**SUPPLIED MATERIAL**
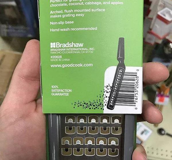刨絲器的條形碼與上面的剃胡刀有異曲同工之秒,都是同樣的原理,不過這個刨絲器力道好像很猛一點,覺得條形碼隨時會被刨干凈。
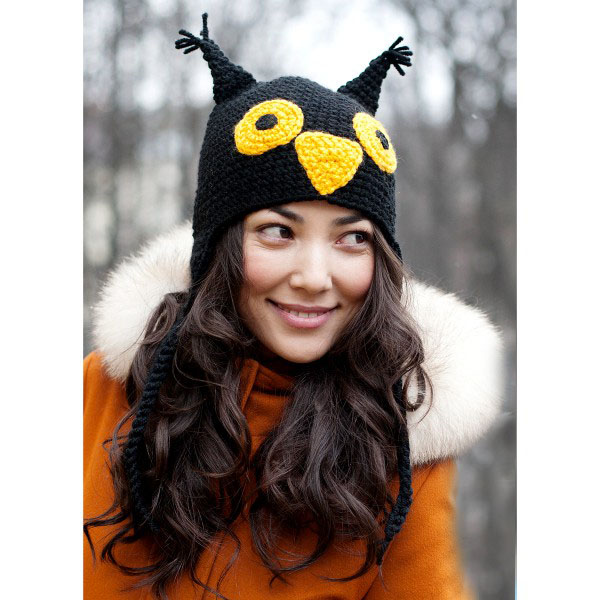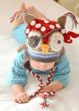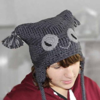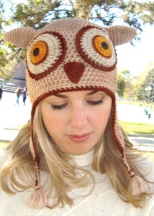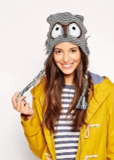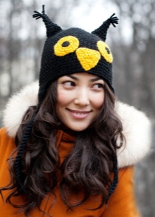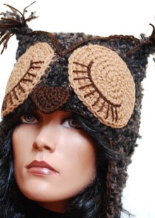 The assortment of hats with the image of owls is truly huge, which is a big plus, because every girl will be able to choose the appropriate option. There are products with an open beak, large eyes, sleeping and with hanging ears in the form of tassels. Also pleased with the color variety and the presence of interesting decorative elements - buttons and pompons. Knitting technique is also different.
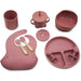 Set 10 piese hranire bebe, diversificare, silicon, baveta, farfurie, bol cu ventuza, lingurita si furculita, cana gustari, lingurita de lemn, si furculita de lemn, fara alergeni, ceasca dreapta, Roz.
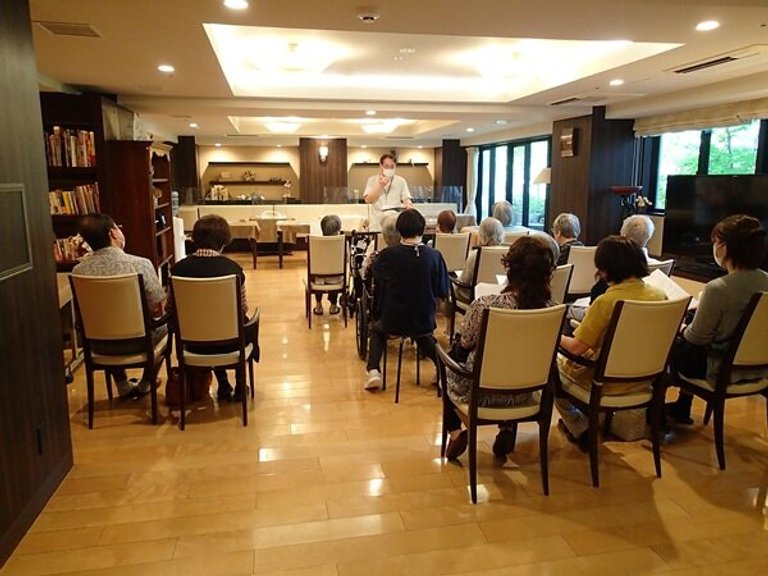 さくらカフェを開催し、アラベラの家の理学療法士による身体機能
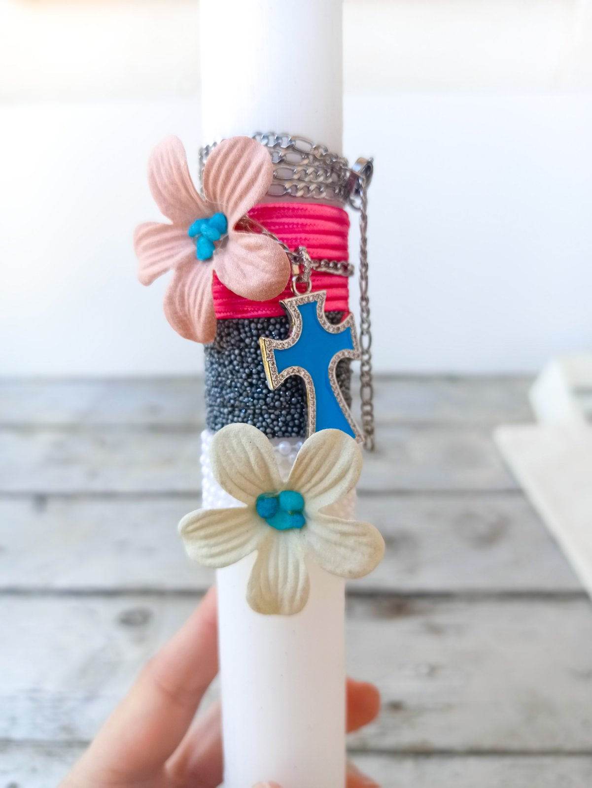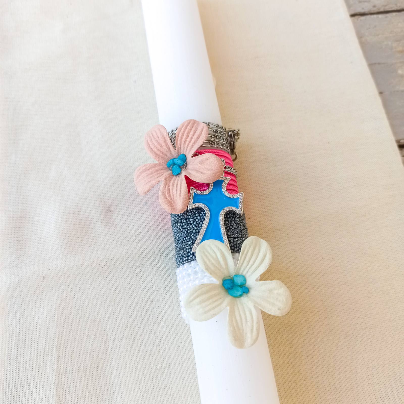 Χειροποίητη αρωματική λαμπάδα με κόσμημα , Σταυρός με σμάλτο γαλάζιο , ατσάλινη αλυσίδα – ορείχαλκος επιροδιωμένος
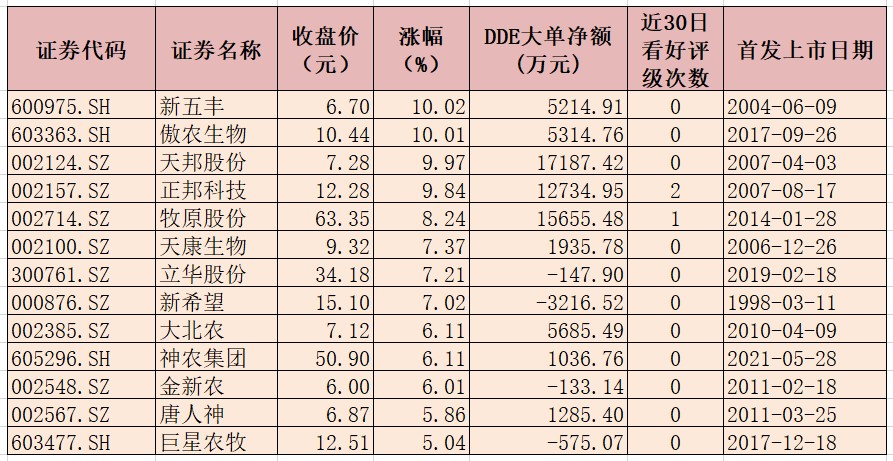最近30日內(nèi),也有券商機構(gòu)對于豬肉概念股表示看好,具體來看,有7只概念股獲機構(gòu)給予“買入”或“增持”等看好評級,其中,正邦科技和海大集團獲得看好評級次數(shù)均為2次,華統(tǒng)股份、牧原股份、順鑫農(nóng)業(yè)、湘佳股份、溫氏股份等5只個股看好評級次數(shù)均為1次。
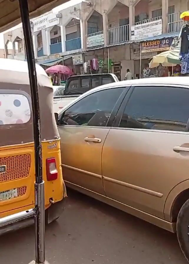 view from inside a tricycle in a busy street. The tricycle is yellow and brown and has a license plate that reads GRE-032VC. Next to the tricycle is a gold-colored car with custom black rims. The street is lined with buildings, some of which have signs for businesses such as "INFINITY" and "BLESSED JOSHUA & STATIONERY CO". There are also other cars and pedestrians visible in the background. The tricycle starts up and begins to move slowly through traffic.
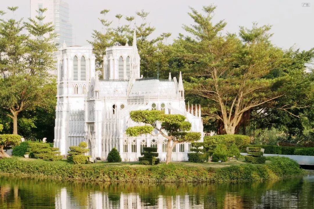 世界之窗的巴黎圣母院景点位于凯旋门旁,在绿树与池水的怀抱下,保留着原迹的风采。
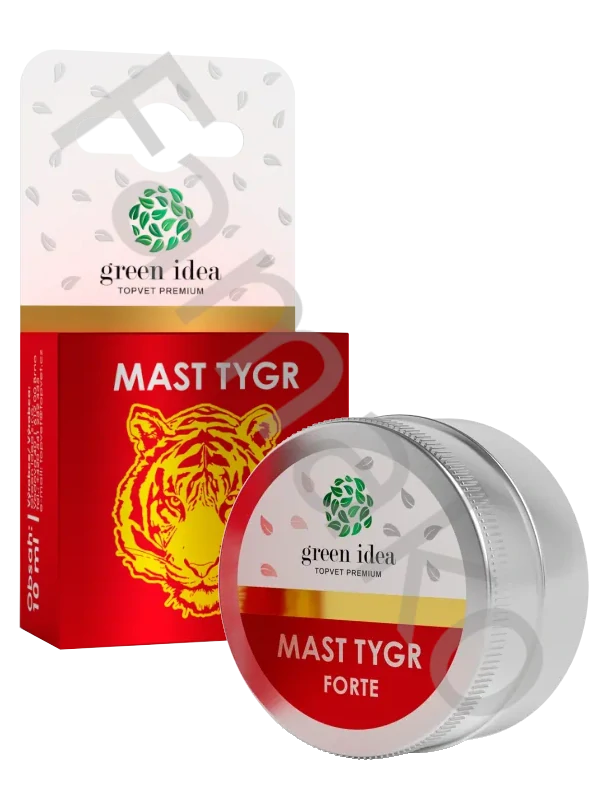Mast TYGR FORTE je velice silná, díky základu z vazelíny zůstává dlouho na pokožce, kde intenzivně účinkuje a voní. Obsahuje přírodní silice (máta, kajeputový olej, bazalka, hřebíček, skořice, eukalyptus), kafr a menthol, jejichž vůně a zahřívací efekt mají vliv na uvolnění napětí.
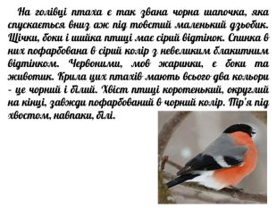 Пташки сміливі прилетілиІ на гілках рядочком сіли. Що за гості зимові?Червоногруді ….style.font. Family
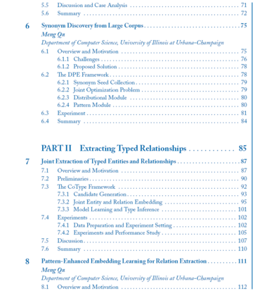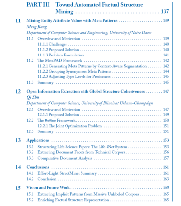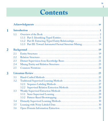 现实世界的数据虽然庞大,但在很大程度上是非结构化的,以自然语言文本的形式存在。从大量的文本数据中挖掘结构,而不需要大量的人工注释和标记,这是一个挑战,但也是非常理想的。在这本书中,我们研究了从大量非结构化文本语料库中挖掘事实知识结构(例如,实体及其关系)的原则和方法。与许多现有的结构提取方法不同,现有的方法严重依赖于人工注释数据进行模型训练,我们的轻工作量方法利用存储在外部知识库中的人工管理事实作为远程监督,并利用大型文本语料库中的丰富数据冗余进行上下文理解。这种轻工作量挖掘方法为构建文本语料库带来了一系列新的原则和强大的方法,包括:(1)实体识别、打字和同义词发现;(2)实体关系抽取;(3)开放域属性值挖掘与信息提取。本书介绍了这一新的研究前沿,并指出了一些有前景的研究方向。
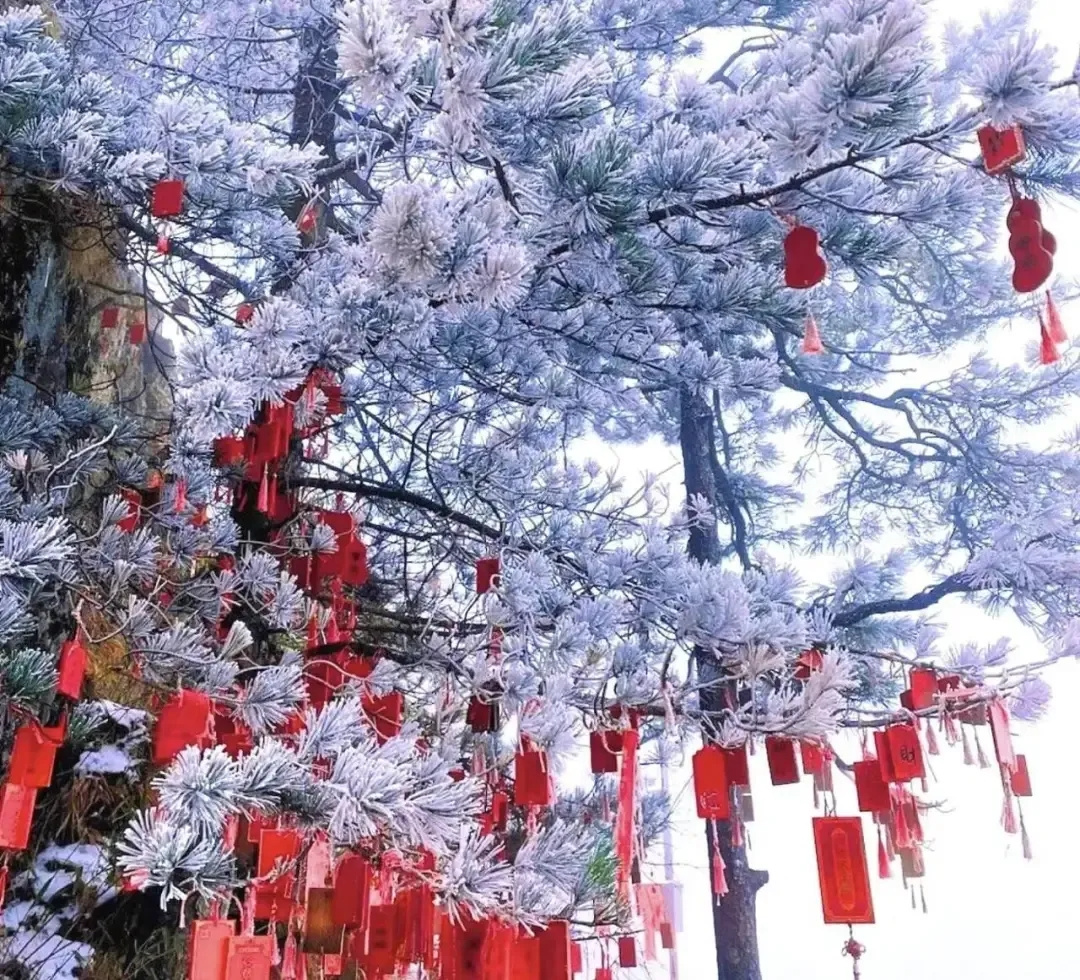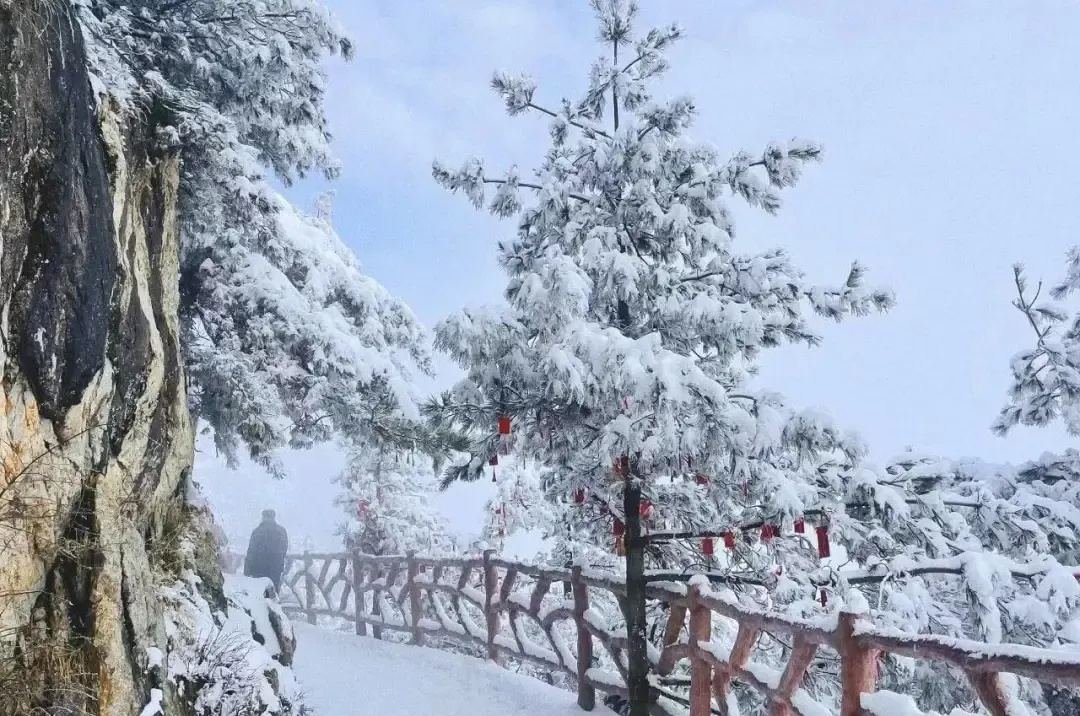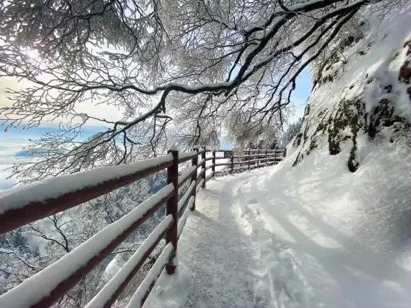 山上白雪覆盖,与耸立青松相应,犹如一幅壮丽的水墨画。无垠白雪掩盖山石的苍凉之色,展现出极尽纯粹的无华之美。雪稀释了所有喧哗,仿佛身处雪域圣境般安静清明。

**WORK TO COMPLETE**
"Mast TYGR FORTE" marks the first line to copy, and "Пташки сміливі прилетілиІ" marks the last. Repeat that stretch above exactly, with no pictures.

**EXERCISE ANSWER**
Mast TYGR FORTE je velice silná, díky základu z vazelíny zůstává dlouho na pokožce, kde intenzivně účinkuje a voní. Obsahuje přírodní silice (máta, kajeputový olej, bazalka, hřebíček, skořice, eukalyptus), kafr a menthol, jejichž vůně a zahřívací efekt mají vliv na uvolnění napětí.
 Пташки сміливі прилетілиІ на гілках рядочком сіли. Що за гості зимові?Червоногруді ….style.font. Family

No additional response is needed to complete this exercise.